Top of DATASET EXCERPT
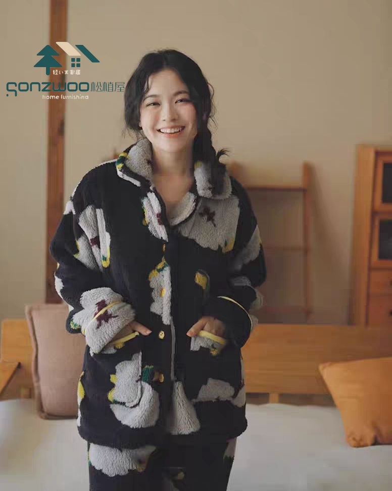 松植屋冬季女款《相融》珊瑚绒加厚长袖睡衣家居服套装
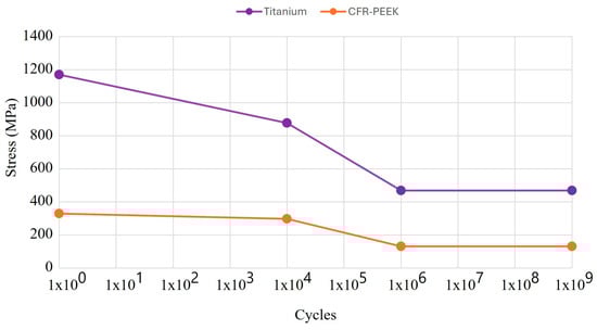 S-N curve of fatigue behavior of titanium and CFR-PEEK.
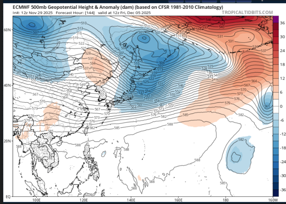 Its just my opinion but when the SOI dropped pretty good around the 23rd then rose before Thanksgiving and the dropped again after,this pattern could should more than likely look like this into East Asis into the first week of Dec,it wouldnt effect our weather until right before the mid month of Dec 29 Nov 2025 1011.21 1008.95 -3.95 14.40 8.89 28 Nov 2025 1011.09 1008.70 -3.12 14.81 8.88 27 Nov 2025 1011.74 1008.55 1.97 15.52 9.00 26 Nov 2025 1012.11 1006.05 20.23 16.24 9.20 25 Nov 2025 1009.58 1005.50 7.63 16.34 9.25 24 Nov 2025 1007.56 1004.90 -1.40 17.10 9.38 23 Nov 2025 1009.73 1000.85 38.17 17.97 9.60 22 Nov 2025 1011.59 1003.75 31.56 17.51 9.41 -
Bottom of DATASET EXCERPT
WHAT THE TASK REQUIRES - Repeat the listing exactly, minus its pictures.

SOLUTION -
 松植屋冬季女款《相融》珊瑚绒加厚长袖睡衣家居服套装
 S-N curve of fatigue behavior of titanium and CFR-PEEK.
 Its just my opinion but when the SOI dropped pretty good around the 23rd then rose before Thanksgiving and the dropped again after,this pattern could should more than likely look like this into East Asis into the first week of Dec,it wouldnt effect our weather until right before the mid month of Dec 29 Nov 2025 1011.21 1008.95 -3.95 14.40 8.89 28 Nov 2025 1011.09 1008.70 -3.12 14.81 8.88 27 Nov 2025 1011.74 1008.55 1.97 15.52 9.00 26 Nov 2025 1012.11 1006.05 20.23 16.24 9.20 25 Nov 2025 1009.58 1005.50 7.63 16.34 9.25 24 Nov 2025 1007.56 1004.90 -1.40 17.10 9.38 23 Nov 2025 1009.73 1000.85 38.17 17.97 9.60 22 Nov 2025 1011.59 1003.75 31.56 17.51 9.41 -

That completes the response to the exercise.